Beth turned toward him slowly. She didn't snap at him and her eyes showed only the barest sign of the anger Kyle knew he'd evoked. "All things considered, Ellen's probably managing better than I might have."

He tried to force himself to wait. There was more. He thought he knew what it was, but he'd let her tell him. Let her speak her own words. For a change.

She crossed her arms and leaned back against the kitchen counter. "But I am worried. She's-"

"It looks like they increased her dosage."

Bern nodded. "I don't think she's taking it, though."

"She left the bottle here."

"Exactly. And I think she's started meeting with some of the people from her group. She says she needs someone to talk to."

That didn't surprise Kyle. "The conditioning she was subjected to is hard to erase. The drugs should reduce most of it, but if she's stopped taking them"
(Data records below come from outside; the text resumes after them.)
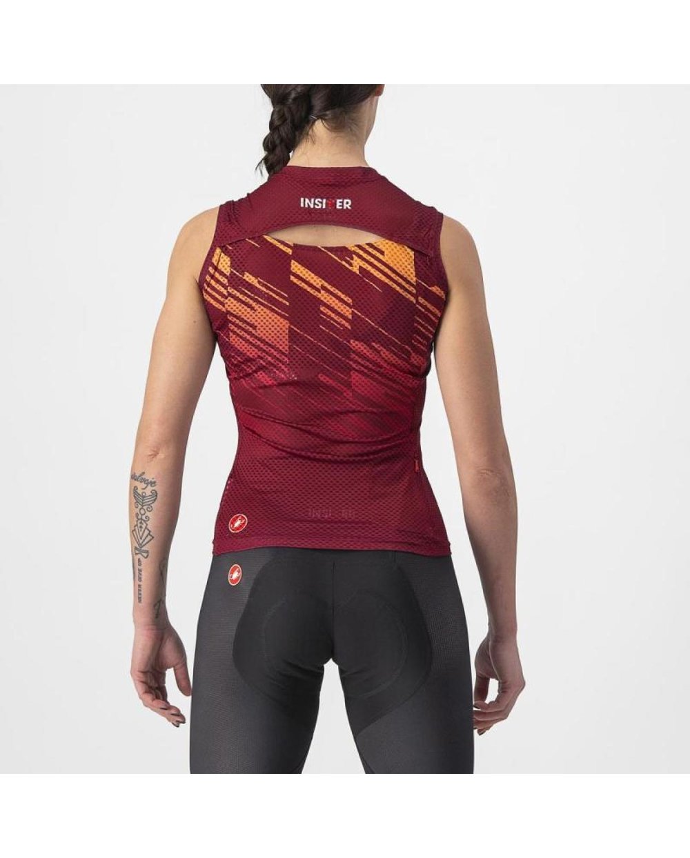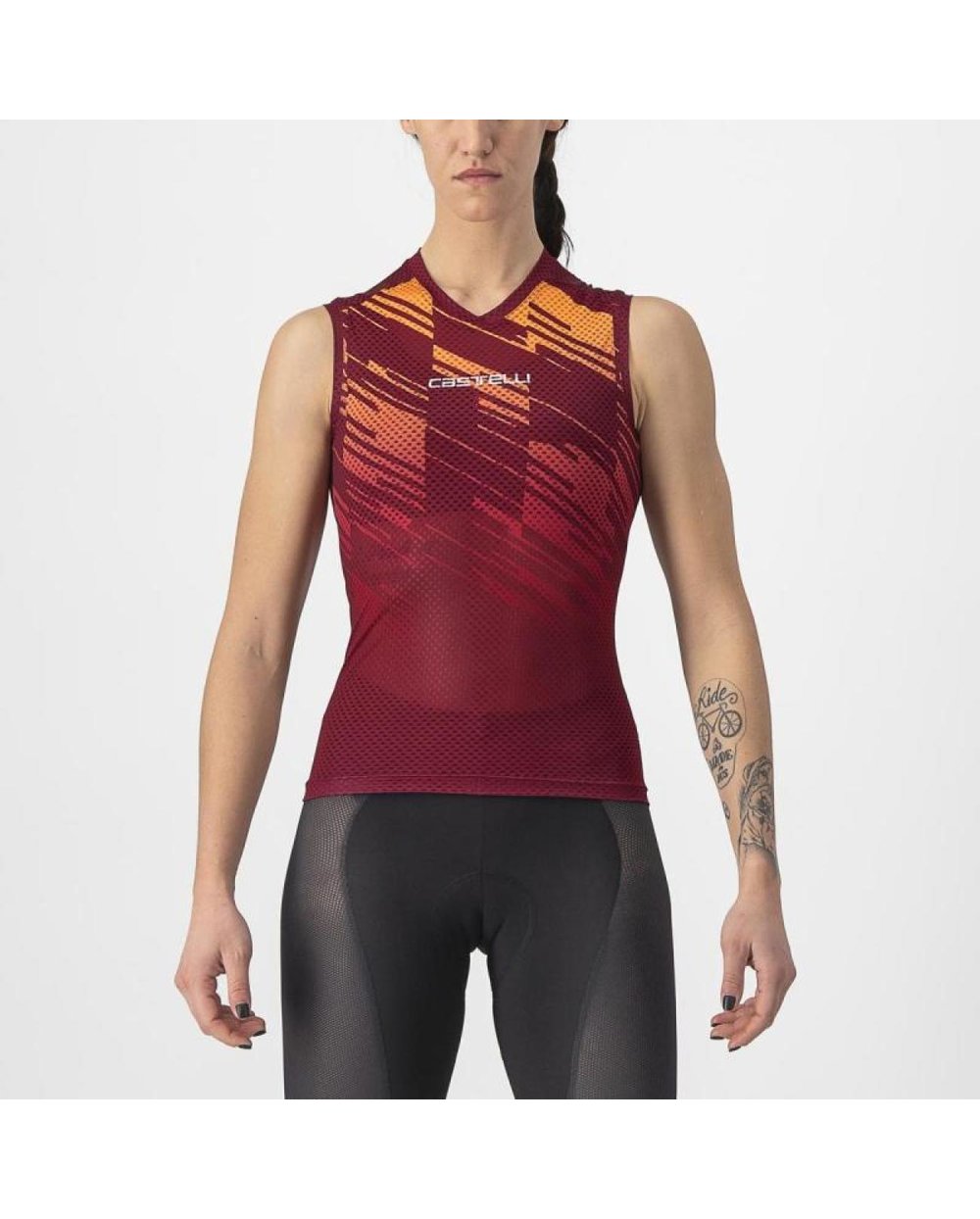 CE ESTE / CARACTERISTICI PRODUSUTUTop pentru ciclism de interior, pregătit pentru Zwift, peloton sau fitness. Vă menține răcoros și confortabil. Mășuță 3D ușoară 93% poliester / 7% elastan elimină umezeala și se usucă rapid.Tratament HEIQ Fresh Tech cu argint pentru controlul mirosurilor.Plasă semi-deschisă permite un flux de aer și o răcire maximă.Buzunar pe spate.Culoare: 010 negru, 421 burgundyTăieturi: XS - XLGreutate: 43 g. (S) Material Compoziție:93%poliester 7%elastan Am realizat acest top fără mâneci pentru a vă menține de fapt mai rece decât dacă nu ați purta nimic. Funcționează pentru că dispersează transpirația pe o suprafață mai mare pentru a ajuta la răcirea prin evaporare. Desigur, acest lucru nu vă va face să transpirați, dar vă va menține mai confortabil. Este în mod deliberat simplu și este tăiat aproape de corp și are un mic buzunar la spate. În cele din urmă, tratamentul natural anti-miros HEIQ Fresh Tech previne acumularea de mirosuri în hainele tale.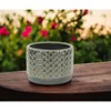 This 7-inch gray geometric ceramic indoor outdoor round pot planter is only practical, but it's also a beautiful addition to your outdoor decor and serves as a perfect way to bring life into any setting. Made of ceramic with a decorative geometric pattern, this planter not only looks good but is built to last. The round, shape of this planter will bring a sense of wholeness to your backyard. Add color and creativity to your outdoor space when you add potted plants. This piece is practically designed to fit most any aesthetic and outdoor space. 4.75-inch H x 6.5-inch W x 6.5-inch D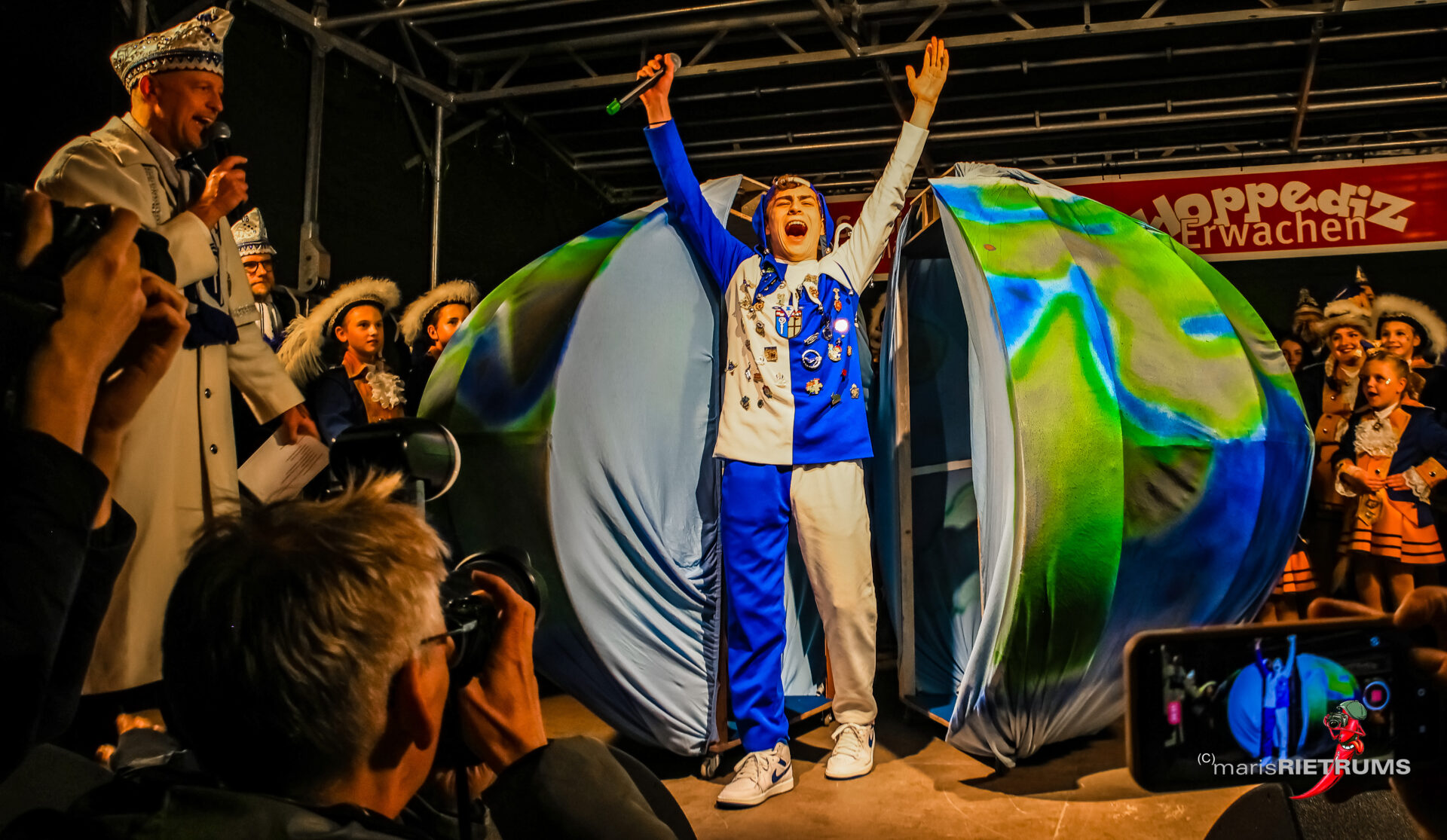 Nach dem Abschied der bisherigen Tollitäten rückte auf der Bühne die große Weltkugel in den Mittelpunkt – das zentrale Element des diesjährigen von Nik Ebert gestalteten Mottos „Gladbach ist als jecke Welt … allerbestens aufgestellt“. Mit lautstarken Rufen der Jecken wurde schließlich der Hoppediz geweckt, der aus der Kugel hervortrat und mit seinem energiegeladenen Auftritt die Menge endgültig in Feierlaune versetzte. Damit war klar: Die neue Session hat begonnen. Bis Aschermittwoch am 18. Februar erwartet die Stadt ein dicht gefüllter Kalender mit Veranstaltungen rund um Altweiber, Tulpensonntag, Rosenmontag und den großen Veilchendienstagszug – in diesem Jahr aufgrund der Kalenderlage zwei Wochen kürzer als die vorherige Session, aber keineswegs weniger intensiv. (cs)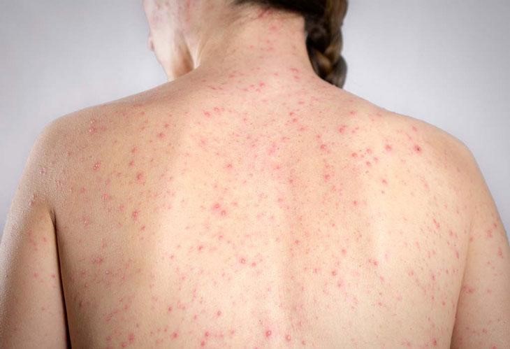 - Toàn thân nổi nhiều nốt mụn nước hình tròn, ngứa ngáy.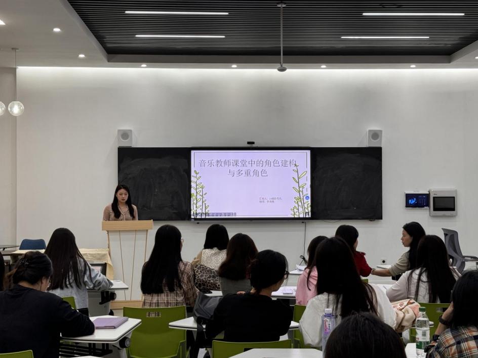 接着,由音乐教育方向的陈雨凡同学以《音乐教师课堂中的角色建构与多重角色》为题,运用“伪装者”“旁观者”“拾荒者”三种角色扮演的新颖角度进行汇报,通过分析角色的扮演和冲突以及其背后的理论逻辑,为音乐教师在课堂中提供角色定位帮助,更好地理解师生之间的相互作用;

"I don't understand why she won't talk to me," Beth said, her anger turning to pain. "I've told her to stop by or call anytime. But instead she sneaks off"

Kyle took a step toward her and gently laid one hand on her shoulder. Beth didn't look up. "She goes to them because-right or wrong-she thinks there's no one else who understands. You read that report I had sent to you. That's exactly the kind of dependence the Universal Brotherhood tried to create in people to keep them vulnerable and believing the Brotherhood was their one and only hope.